A disadvantage is that the very same infrastructure can be a sitting duck, vulnerable to direct-ascent anti-satellite missile attacks and indirect collisions from space fragments created by such attacks.
The fewer tests, therefore, the safer low-Earth orbit will be for America’s critical communications infrastructure. As of 2021, the United States has the highest number of commercial satellites globally, and these satellites are vital for America’s space industries.
What will the nations of the world do to solve the most pressing issue in space — the overcrowding of the Earth’s low orbit with satellites, which could lead to an orbital calamity?
By leading the UN resolution, the United States is seeking to carve out moral high ground for itself, as a responsible operator in orbit. The massive global influence of the US commercial space sector, its hold on international finances and sheer heft, will help in that regard. Washington can be expected to seek to apply this “moral” leverage to dissuade other participants from catching up to it militarily and technologically.
The reality is that taking down satellites using direct-ascent projectiles is increasingly difficult, whether economically, industrially or legally. Canada pledged to denounce testing of such weapons in May 2022. New Zealand did so in July 2022; Japan and Germany, in September 2022; and the United Kingdom and South Korea, in October 2022.
However, these voluntary renunciations don’t prohibit testing of non-kinetic physical, electronic or cyber anti-satellite systems — that is, weapons that don’t use solid projectiles but directed physical energy (such as lasers or microwaves), electronic attacks (such as jamming or spoofing), or cyberattacks (to intercept or corrupt data or hack systems). These weapons systems are more difficult to attribute to a specific actor. Rather than turning satellites into space debris, they render them non-functional. It’s to be expected that all countries, whatever their stance on anti-satellite missile tests, will work to develop anti-satellite cyber capacity. These will be easier to build than projectile weapons. They also present a risk of faster proliferation, especially among non-state actors. The new resolution does not consider the proliferation of such weapons.
The prospect of a new generation of non-kinetic anti-satellite weapons raises a host of troubling questions. What happens if a cyber-hijacked satellite is made to deliberately collide with another satellite? In terms of legalities, what happens if two disabled satellites of the same cluster collide with each other? What happens if two satellites of different clusters but the same country of origin collide? What if the damaged, colliding satellites are from two other countries? Many countries, including the United States, will likely be happy to navigate in these uncharted grey zones of attributability and liability.

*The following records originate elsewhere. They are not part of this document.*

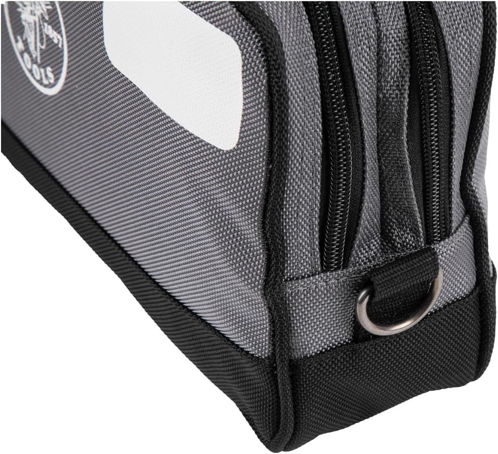 Easily access and organize tools and small parts with the Klein Tools Double-Zipper Tool Bags. These heavy-duty, water-resistant bags feature two compartments with a reinforced bottom; the gray bag measures 12-Inch x 7-Inch and has D-Rings on both ends to attach carabiners or a shoulder strap and the orange bag measures 10-Inch x 6-Inch and has a handle for easy carrying. Both bags have a 3-Inch flat bottom that keeps the bag upright with a white space on front to write contents or name.
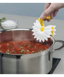 Agganci la margherita al bordo della pentola ed agganci il cucchiaio senza sporcare il piano lavoro.
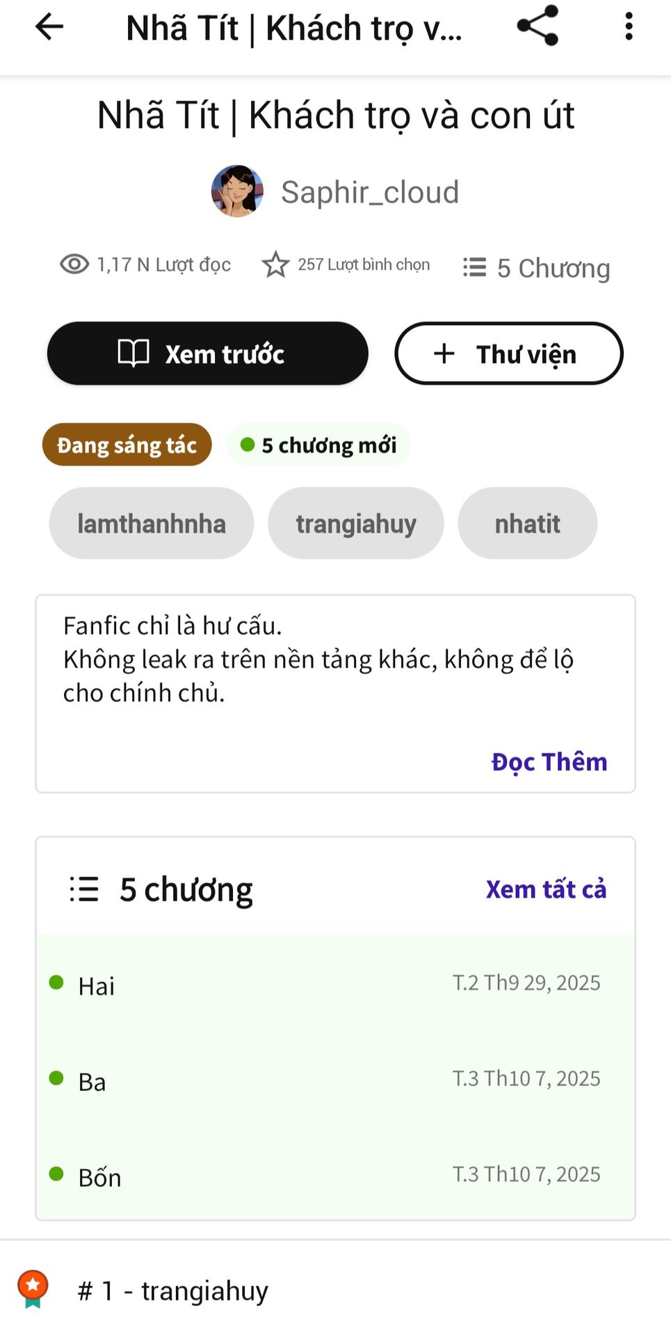 Cũng cảm ơn cả nhà đã đọc và nâng thành tích Khách trọ con út lên thế này nhó 💖
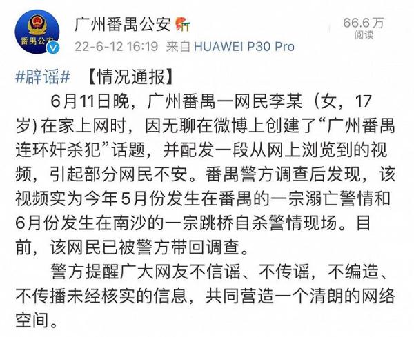 6月12日,@广州番禺公安 发布情况通报:6月11日晚,广州番禺一网民李某(女,17岁)在家上网时,因无聊在微博上创建了“广州番禺连环奸杀犯”话题,并配发一段从网上浏览到的视频,引起部分网民不安。番禺警方调查后发现,该视频实为今年5月份发生在番禺的一宗溺亡警情和6月份发生在南沙的一宗跳桥自杀警情现场。目前,该网民已被警方带回调查。
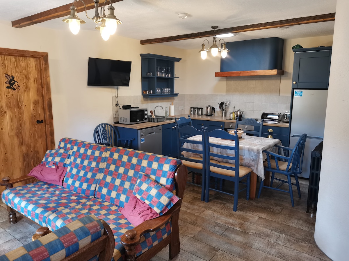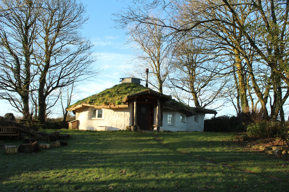 You'll love this romantic escape.Nestled at the end if our garden this beautiful host built cob cottage is cosy and different .The cottage has its own whimsical garden and a wrap around deck where you can relax in the hottub (Feb-nov) overlooking the countryside or cook up a storm on the patio kitchen . The openplan living space inside the cottage is enchanting with the round windows , glass bottle wall ,cob sofas and bespoke oak kitchen and a comfortable double murphy bed .Central heating .

In short, the apparent move away from direct-ascent anti-satellite weapons is not what it seems. It was very likely made to secure the short-term objectives of the United States and its burgeoning space interests, both commercial and strategic. It certainly does not mark the dawn of a new era of international amity in orbit. On the contrary: the coming generation of space weapons could target space businesses and may become a facet of industrial and economic warfare. To forestall this, the United Nations must address the chronic and growing problem of satellite overcrowding in low-Earth orbit, which is potentially even more dangerous than anti-satellite weapons testing. Not all threats to constructive human activity in space can be attributed to overtly aggressive intentions. The larger problem is that simple orbital overpopulation can render inner space effectively useless to all, even if the anti-satellite weapons are entirely eliminated.